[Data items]
§ §

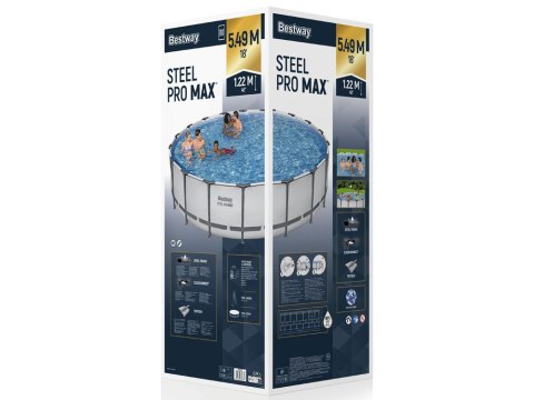 Ogrodowy basen stelażowy STEEL-PRO MAX™ Bestway o wymiarach 549 x 122cm i pojemności 23,062l zapewni komfortową ochłodę w upalny dzień. Prywatny ogrodowy basen jest na tyle obszerny, iż bez problemu będą mogły korzystać z niego dzieci wraz z rodzicami.
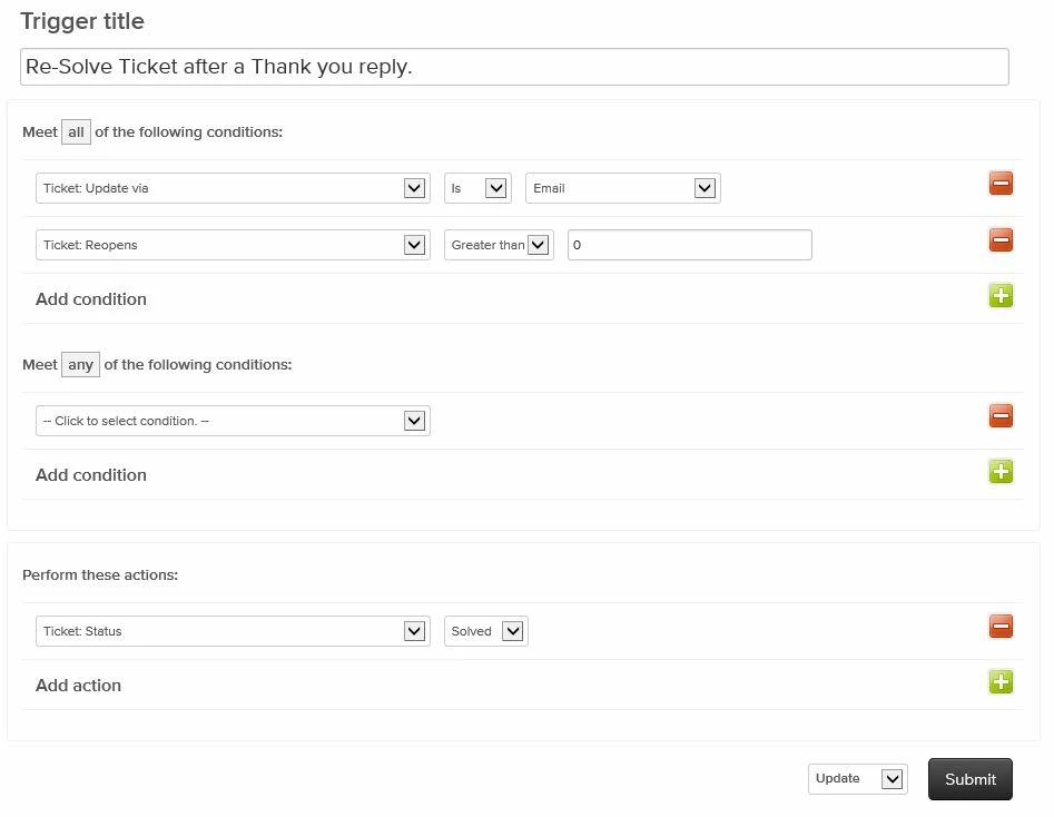 Yes you can make a trigger function which would allow any ticket that has the words ' Thank you ' in it to be solved but this isn't a viable option.
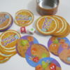 Contenu de la boite métal : 60 cartes fruits, 2 dés, règles du jeu.
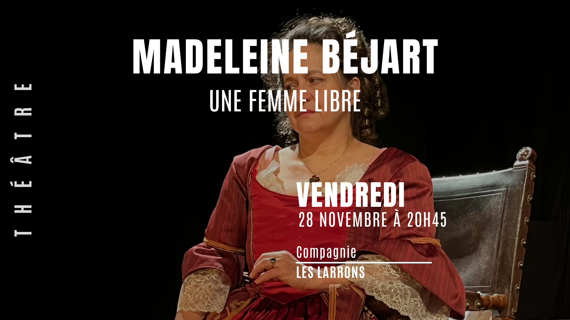 Sans Madeleine Béjart, Jean-Baptiste Poquelin ne serait jamais devenu Molière. Elle a été sa muse, sa complice, à une époque où les femmes n’avaient le droit qu’à l’ombre. C’est Madeleine Béjart qui a initié Molière au théâtre. C’est elle qui l’a formé en tant qu’acteur et l’a initié à l’écriture théâtrale. Madeleine Béjart et Molière forment un couple extraordinaire dans l’histoire du théâtre français. Durant trente année de leur vie, ils ont inventé une nouvelle forme théâtrale : la comédie de mœurs, une aventure extraordinaire qui a mené à la création de la Comédie Française. Considérée comme la plus grande tragédienne de son temps, Madeleine Béjart bouscule toutes les conventions. Elle ne se marie pas, et ne dépend d’aucun homme pour exister.
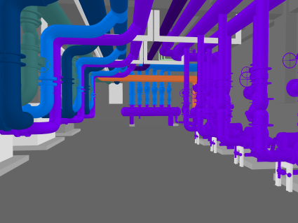 項(xiàng)目地下車庫(kù)車道區(qū)域管線復(fù)雜,對(duì)管線標(biāo)高要求嚴(yán)格。項(xiàng)目采取綜合支架排布,減少管線碰撞,提高車道凈高,同時(shí)根據(jù)現(xiàn)場(chǎng)施工進(jìn)度,對(duì)制冷機(jī)房、消防泵房等重要功能性房間,結(jié)合BIM技術(shù)應(yīng)用,對(duì)機(jī)房、泵房綜合管線進(jìn)行排布優(yōu)化,使得機(jī)房?jī)?nèi)部維修方便、整齊美觀。
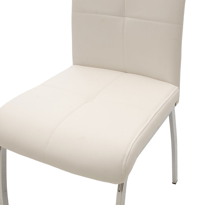 Модерен стол с правоъгълна облегалка и полирани крака от неръждаема стомана
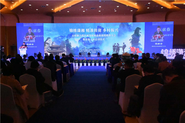 4月12日,“锦绣潇湘、精准扶贫、乡村振兴”文旅融合跨区域发展精品旅游线路推介会暨送客入村启动仪式在长沙举行。湖南省人大教科文卫委员会副主任委员陈佳新、省政协副秘书长江涌出席推介会,湖南省文化和旅游厅厅长陈献春出席并致辞,湖南省发改委副巡视员何唤鸣,省文化和旅游厅党组成员、副厅长高扬先,省文化和旅游厅党组成员、副厅长肖凌之等出席。
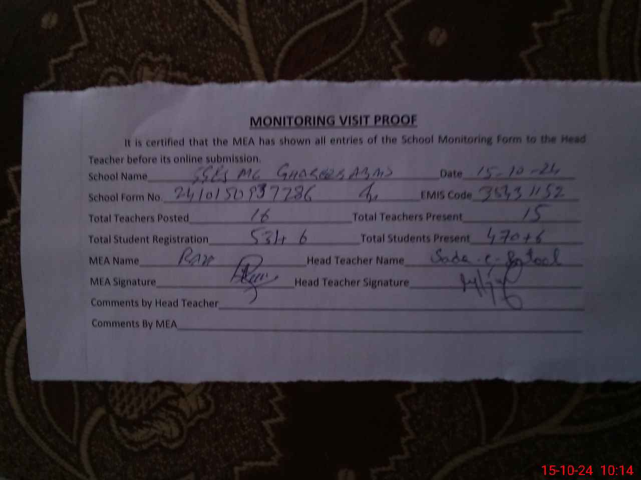 | Attendance Register | Head Teacher | MEA with School | Visit Proof |
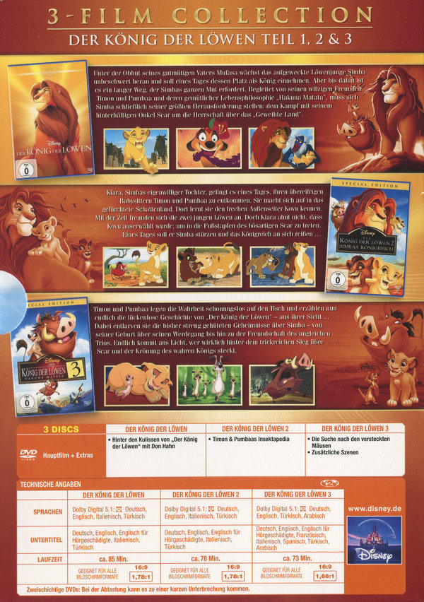 Produktinformationen "Der König der Löwen - Dreierpack (Disney Classics + 2. & 3.Teil) [3 DVDs] (DVD)"
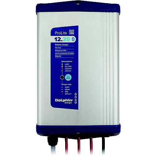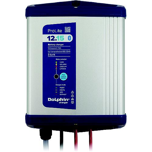 The PROLITE 12v 15Amp and 25Amp chargers are smaller, lighter and more efficient than the competition and boast the latest in connectivity with standard Bluetooth interface. The Dolphin Connect App (iOS and Android) will allow you to monitor and control your charger from your mobile device! Automatically senses and distributes 100% of available charging amps to any one bank or combination of all banks40% smaller and 50% lighter than most competitorsIncludes 6' AC and DC cables and fusingIP 65 Water ResistantISO certified 8846 for use in gasoline boatsWorks with any battery technology on the marketWill charge from 0 VDCBluetooth Interface92% Super Efficient
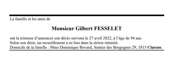 Monsieur Gilbert FESSELET 16 avr. 1928 - 27 avr. 2022 Avis mortuaire PFG Télecharger PDF Partager sur: Galerie PreviousNext PreviousNext
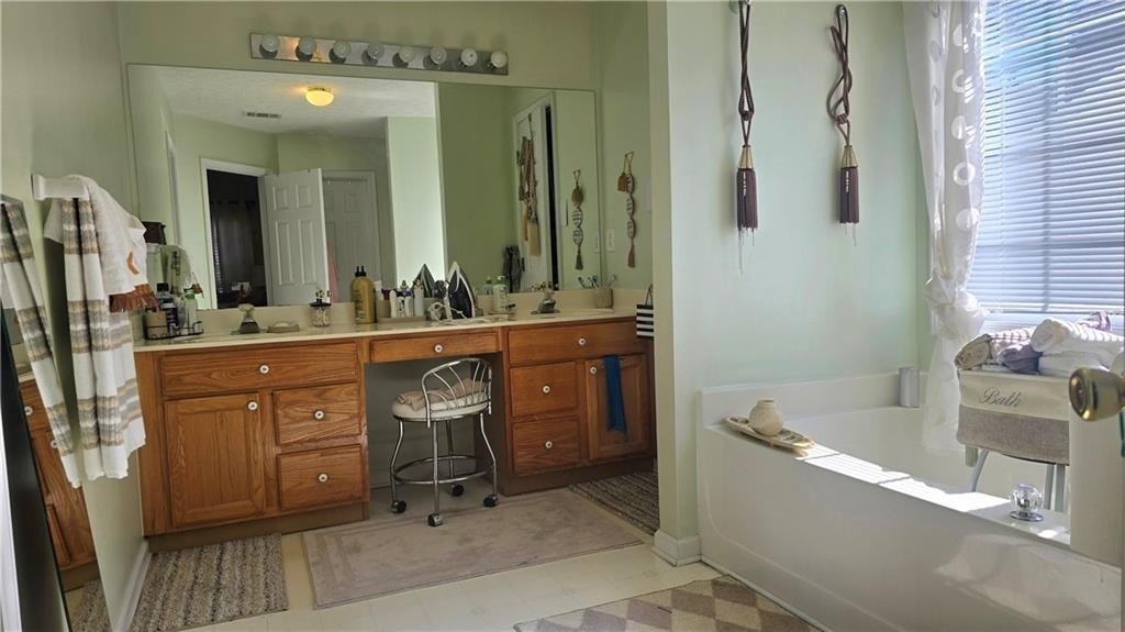 Upstairs, the expansive primary suite boasts a walk-in closet and a ensuite bathroom with dual vanities, soaking tub, and separate shower. Two additional bedrooms and a full bath complete the upper level, offering comfort and flexibility for family, guests, or a home office.
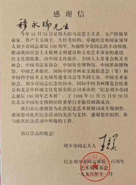 1998年11月21日至26日,作品参与“纪念刘少奇同志诞辰100周年艺术展”,获刘少奇夫人王光美同志亲笔签名的感谢信。
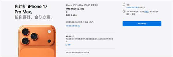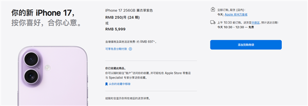 iPhone 17系列交货时间大幅优化,标准版与Pro版实现国内当天快速到手服务
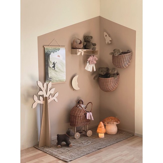 Boite à musique en bois en forme de lune se fixe au mur et viendra joliment décorer une chambre d’enfant. Dimensions 25 x 16 x 4 cm.
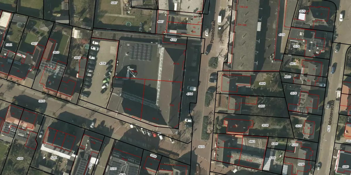 Het perceel waarop Postelstraat 20 staat heeft een oppervlakte van 2085 m². Dit is een zeer groot perceel. De perceeloppervlakte wordt geregistreerd door het Kadaster. Gedetailleerde informatie over de maten van dit perceel kunt u vinden in het rapport Kadastrale kaart met maatvoering van Postelstraat 20.
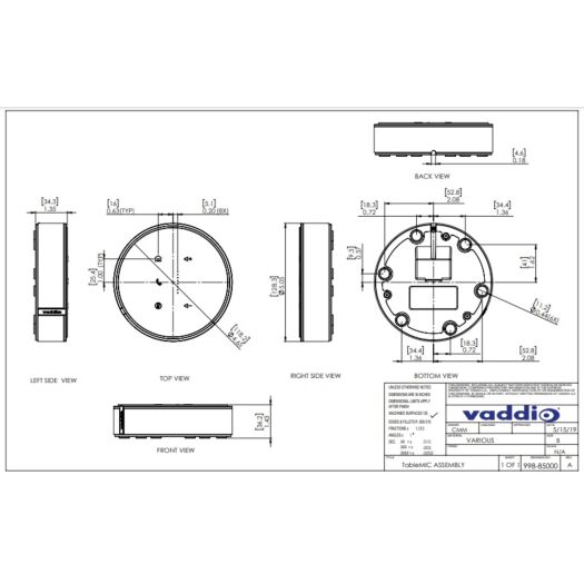 Мікрофони TableMIC підключаються до продуктів Vaddio через порти EasyMIC, щоб передавати звук професійної якості в комп'ютерну систему і забезпечувати чудову якість конференц-зв'язку. Всеспрямований мікрофон з охопленням 360 °, інтегрована система відсікання відлуння і DSP, ємнісні кнопки управління гучністю, включенням, швидким викликом + одна програмована кнопка. Підключення до EasyMIC сумісних пристроїв Vaddio кабелем CAT5 до 30 м завдовжки.
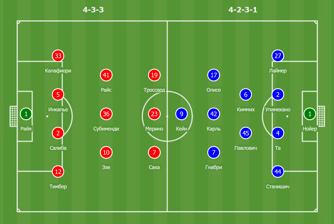 "Арсенал": Райя, Калафиори, Инкапье, Салиба, Тимбер, Райс, Субименди, Эзе, Троссард, Мерино, Сака.
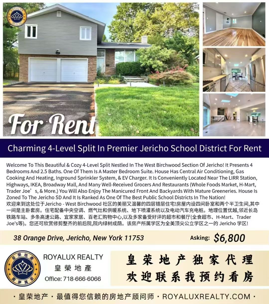 【新上市】皇荣地产独家代理出租好房🎖️长岛 Jericho 美丽温馨的四层错层住宅出租 | 租金$6800
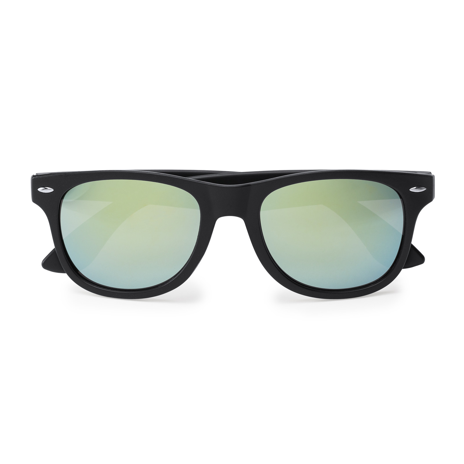 Occhiali da sole finitura nera opaca e lenti specchio. Protezione UV400. In plastica. Dimensioni: cm 14,5x4,9. Imballo 300pz.
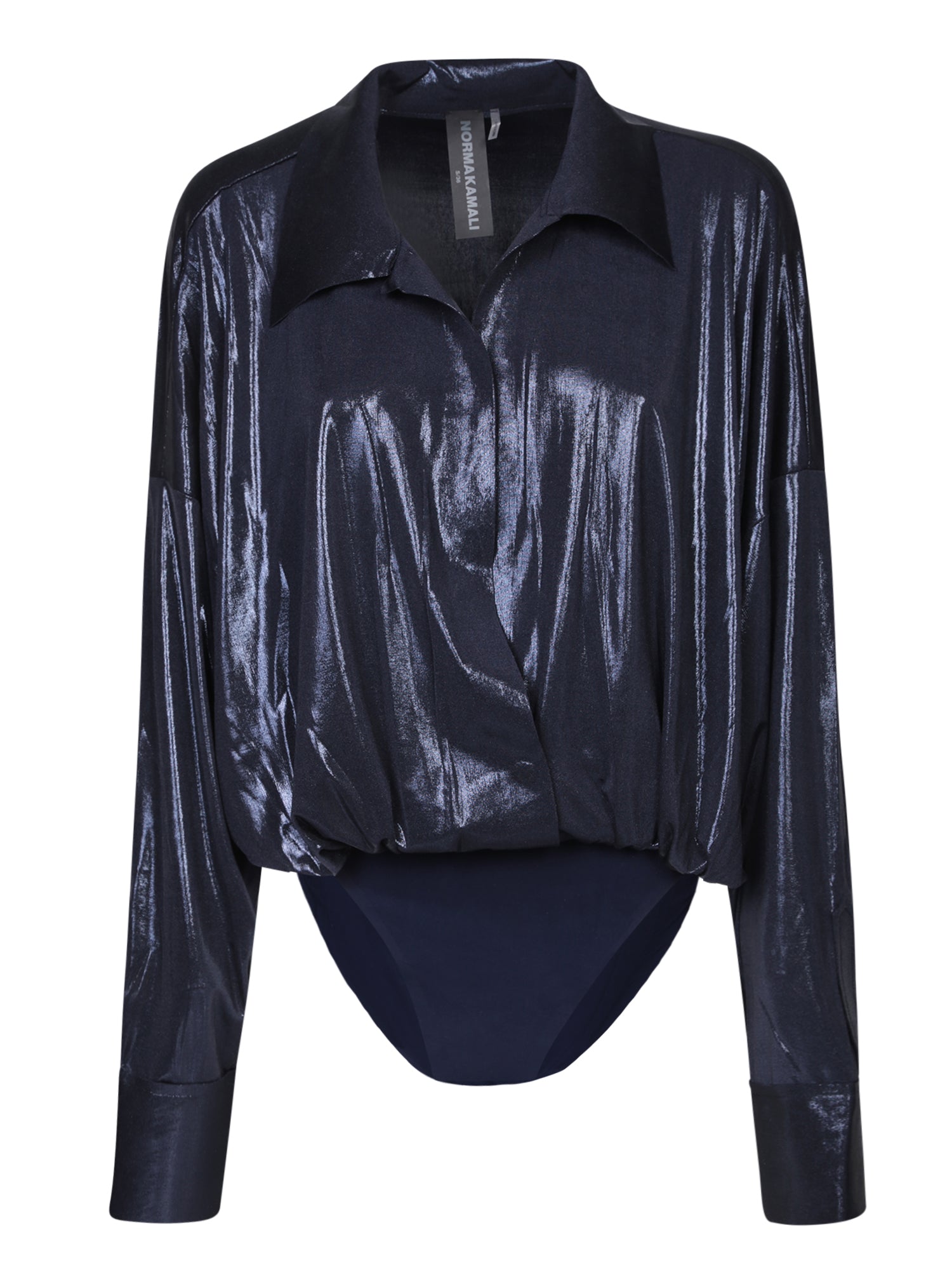 Metallic fabric shirt. Classic collar. Long sleeves with cuffs.
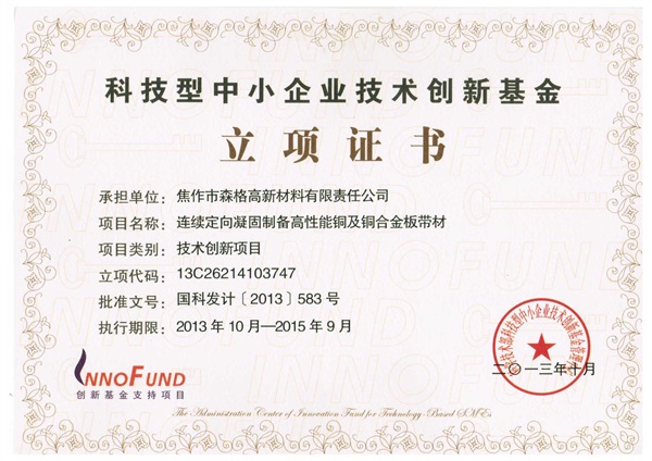科技型中小企業(yè)技術(shù)創(chuàng)新基金立項證書“連續(xù)定向凝固制備高性能銅及銅合金板帶材”
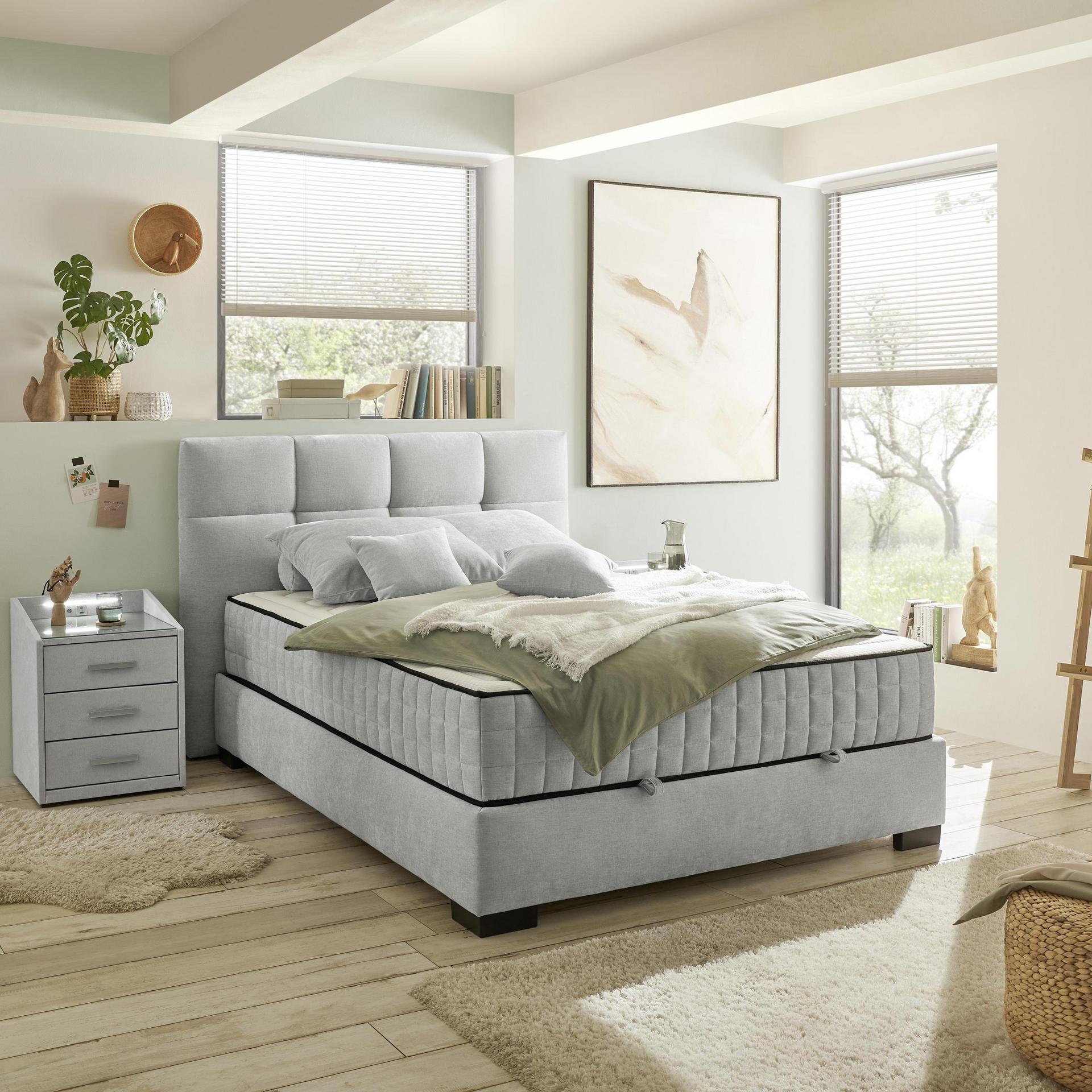 Boxbett Nago A Silber 140x200 cm Liegefläche H2 - mittelfest, bis ca. 80 kg
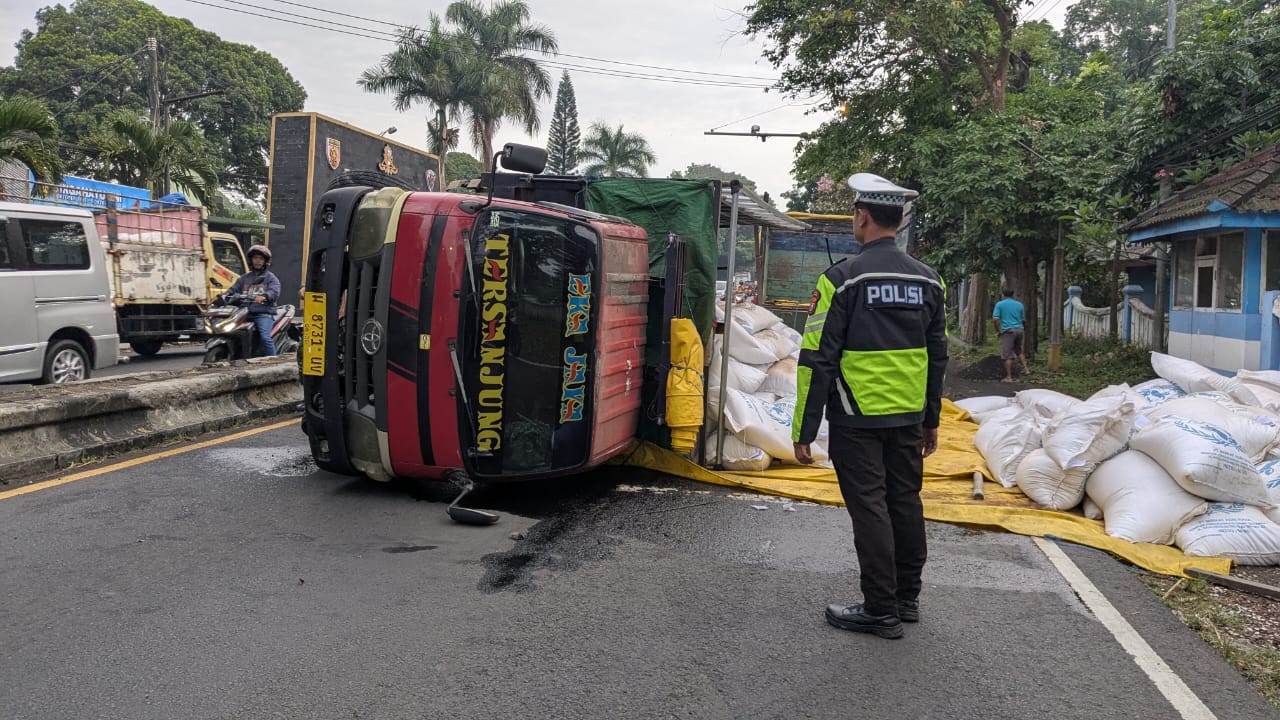 Truk dengan jumlah muatan sekitar 7 ton tersebut terguling ke kiri tengah ruas jalan, hingga muatan pakan sapi yang dibungkus dalam karung tumpah ke jalan raya.

§ §

• [THE TASK]:
Your task is to return the lines above, from the first one up to and including the line containing "Contenu de la", minus any pictures.

• [ANSWER AREA]:
 Ogrodowy basen stelażowy STEEL-PRO MAX™ Bestway o wymiarach 549 x 122cm i pojemności 23,062l zapewni komfortową ochłodę w upalny dzień. Prywatny ogrodowy basen jest na tyle obszerny, iż bez problemu będą mogły korzystać z niego dzieci wraz z rodzicami.
 Yes you can make a trigger function which would allow any ticket that has the words ' Thank you ' in it to be solved but this isn't a viable option.
 Contenu de la boite métal : 60 cartes fruits, 2 dés, règles du jeu.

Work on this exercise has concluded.